Saved entries
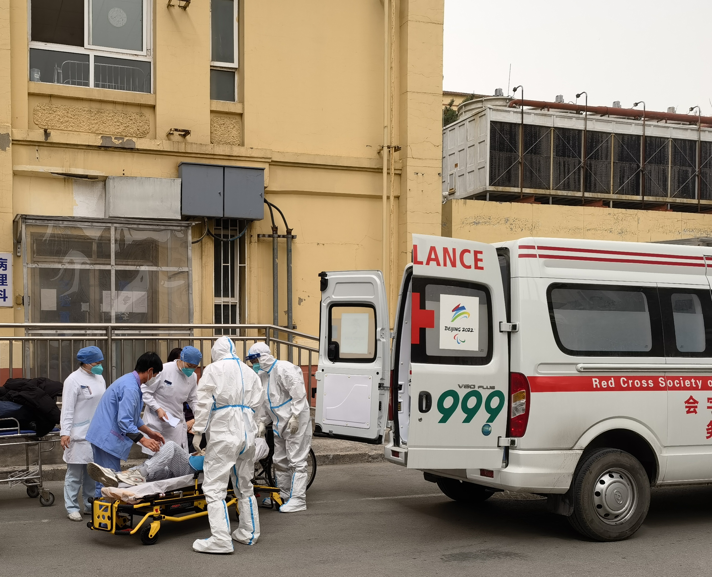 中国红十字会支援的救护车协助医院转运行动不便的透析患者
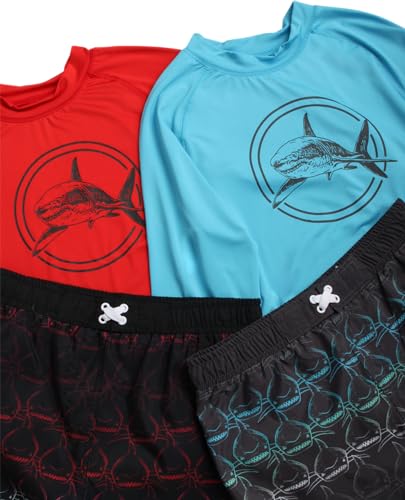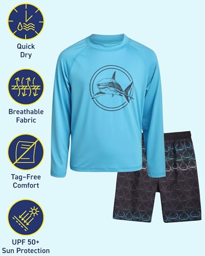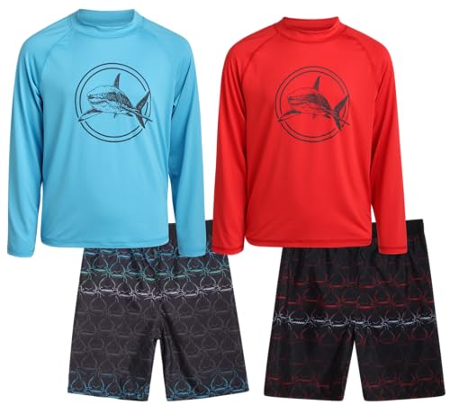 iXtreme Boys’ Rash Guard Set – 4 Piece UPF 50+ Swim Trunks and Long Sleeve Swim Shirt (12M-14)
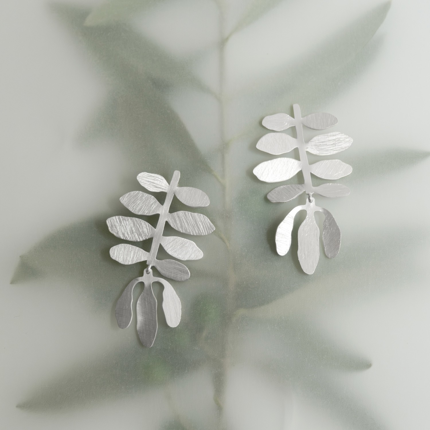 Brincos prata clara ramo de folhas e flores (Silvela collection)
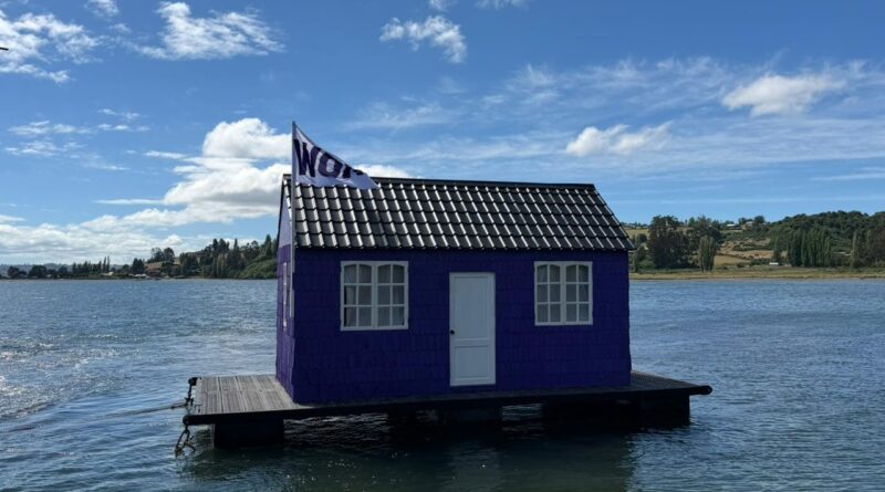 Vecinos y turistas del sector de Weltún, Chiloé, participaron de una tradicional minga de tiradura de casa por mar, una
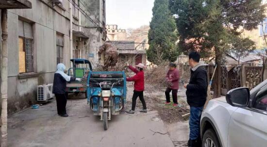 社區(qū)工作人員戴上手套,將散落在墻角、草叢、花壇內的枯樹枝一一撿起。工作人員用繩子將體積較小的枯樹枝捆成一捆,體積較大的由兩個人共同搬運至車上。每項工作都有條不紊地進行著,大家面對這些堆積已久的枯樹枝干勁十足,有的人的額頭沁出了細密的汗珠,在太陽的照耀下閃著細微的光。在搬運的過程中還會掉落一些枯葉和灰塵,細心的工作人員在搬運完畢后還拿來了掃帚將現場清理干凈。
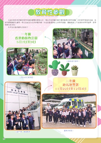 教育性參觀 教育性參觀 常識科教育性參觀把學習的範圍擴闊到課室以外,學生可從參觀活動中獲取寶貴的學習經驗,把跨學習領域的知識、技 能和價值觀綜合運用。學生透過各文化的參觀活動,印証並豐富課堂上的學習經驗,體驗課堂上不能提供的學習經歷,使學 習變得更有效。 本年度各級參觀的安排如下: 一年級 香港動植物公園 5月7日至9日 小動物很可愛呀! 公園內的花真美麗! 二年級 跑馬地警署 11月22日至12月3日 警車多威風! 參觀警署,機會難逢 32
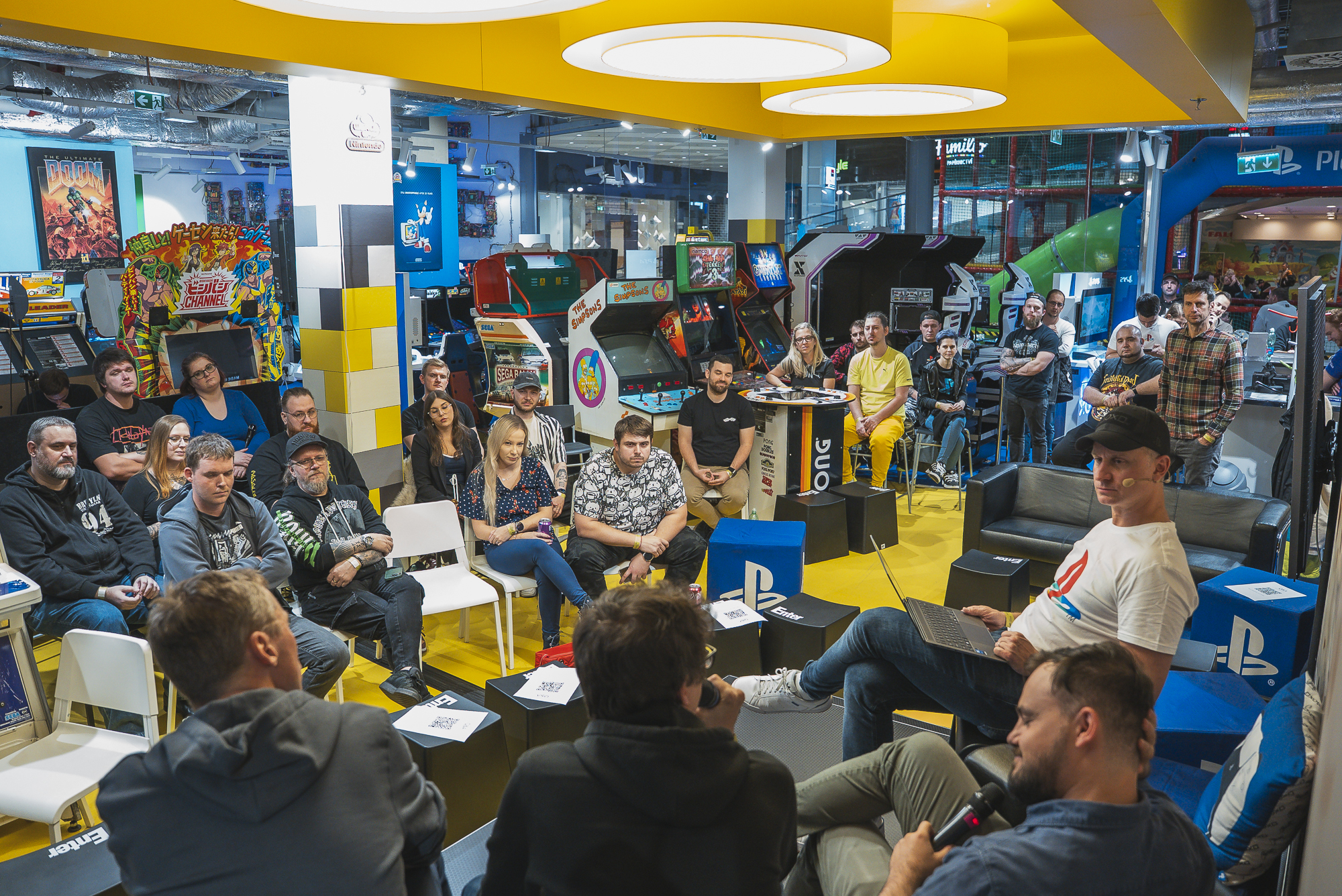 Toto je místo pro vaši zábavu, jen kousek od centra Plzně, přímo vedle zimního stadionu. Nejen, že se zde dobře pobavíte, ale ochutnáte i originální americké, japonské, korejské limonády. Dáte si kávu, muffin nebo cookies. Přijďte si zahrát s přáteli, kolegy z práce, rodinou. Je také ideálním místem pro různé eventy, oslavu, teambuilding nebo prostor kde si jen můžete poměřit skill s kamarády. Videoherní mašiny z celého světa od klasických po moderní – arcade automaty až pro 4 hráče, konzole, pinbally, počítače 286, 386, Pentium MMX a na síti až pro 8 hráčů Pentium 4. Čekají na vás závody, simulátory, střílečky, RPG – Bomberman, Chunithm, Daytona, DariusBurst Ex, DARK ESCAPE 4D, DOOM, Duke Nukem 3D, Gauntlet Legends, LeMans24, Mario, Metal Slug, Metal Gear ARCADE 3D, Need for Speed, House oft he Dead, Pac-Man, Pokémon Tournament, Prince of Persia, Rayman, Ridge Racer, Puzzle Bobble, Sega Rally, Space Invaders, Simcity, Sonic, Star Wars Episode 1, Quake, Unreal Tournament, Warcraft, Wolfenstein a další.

▸ **Exercise objective**
Lines starting at the one with "Vecinos y turistas" and ending at the last line of the entries above must be restated word for word, with pictures omitted.

▸ **Solved exercise**
 Vecinos y turistas del sector de Weltún, Chiloé, participaron de una tradicional minga de tiradura de casa por mar, una
 社區(qū)工作人員戴上手套,將散落在墻角、草叢、花壇內的枯樹枝一一撿起。工作人員用繩子將體積較小的枯樹枝捆成一捆,體積較大的由兩個人共同搬運至車上。每項工作都有條不紊地進行著,大家面對這些堆積已久的枯樹枝干勁十足,有的人的額頭沁出了細密的汗珠,在太陽的照耀下閃著細微的光。在搬運的過程中還會掉落一些枯葉和灰塵,細心的工作人員在搬運完畢后還拿來了掃帚將現場清理干凈。
 教育性參觀 教育性參觀 常識科教育性參觀把學習的範圍擴闊到課室以外,學生可從參觀活動中獲取寶貴的學習經驗,把跨學習領域的知識、技 能和價值觀綜合運用。學生透過各文化的參觀活動,印証並豐富課堂上的學習經驗,體驗課堂上不能提供的學習經歷,使學 習變得更有效。 本年度各級參觀的安排如下: 一年級 香港動植物公園 5月7日至9日 小動物很可愛呀! 公園內的花真美麗! 二年級 跑馬地警署 11月22日至12月3日 警車多威風! 參觀警署,機會難逢 32
 Toto je místo pro vaši zábavu, jen kousek od centra Plzně, přímo vedle zimního stadionu. Nejen, že se zde dobře pobavíte, ale ochutnáte i originální americké, japonské, korejské limonády. Dáte si kávu, muffin nebo cookies. Přijďte si zahrát s přáteli, kolegy z práce, rodinou. Je také ideálním místem pro různé eventy, oslavu, teambuilding nebo prostor kde si jen můžete poměřit skill s kamarády. Videoherní mašiny z celého světa od klasických po moderní – arcade automaty až pro 4 hráče, konzole, pinbally, počítače 286, 386, Pentium MMX a na síti až pro 8 hráčů Pentium 4. Čekají na vás závody, simulátory, střílečky, RPG – Bomberman, Chunithm, Daytona, DariusBurst Ex, DARK ESCAPE 4D, DOOM, Duke Nukem 3D, Gauntlet Legends, LeMans24, Mario, Metal Slug, Metal Gear ARCADE 3D, Need for Speed, House oft he Dead, Pac-Man, Pokémon Tournament, Prince of Persia, Rayman, Ridge Racer, Puzzle Bobble, Sega Rally, Space Invaders, Simcity, Sonic, Star Wars Episode 1, Quake, Unreal Tournament, Warcraft, Wolfenstein a další.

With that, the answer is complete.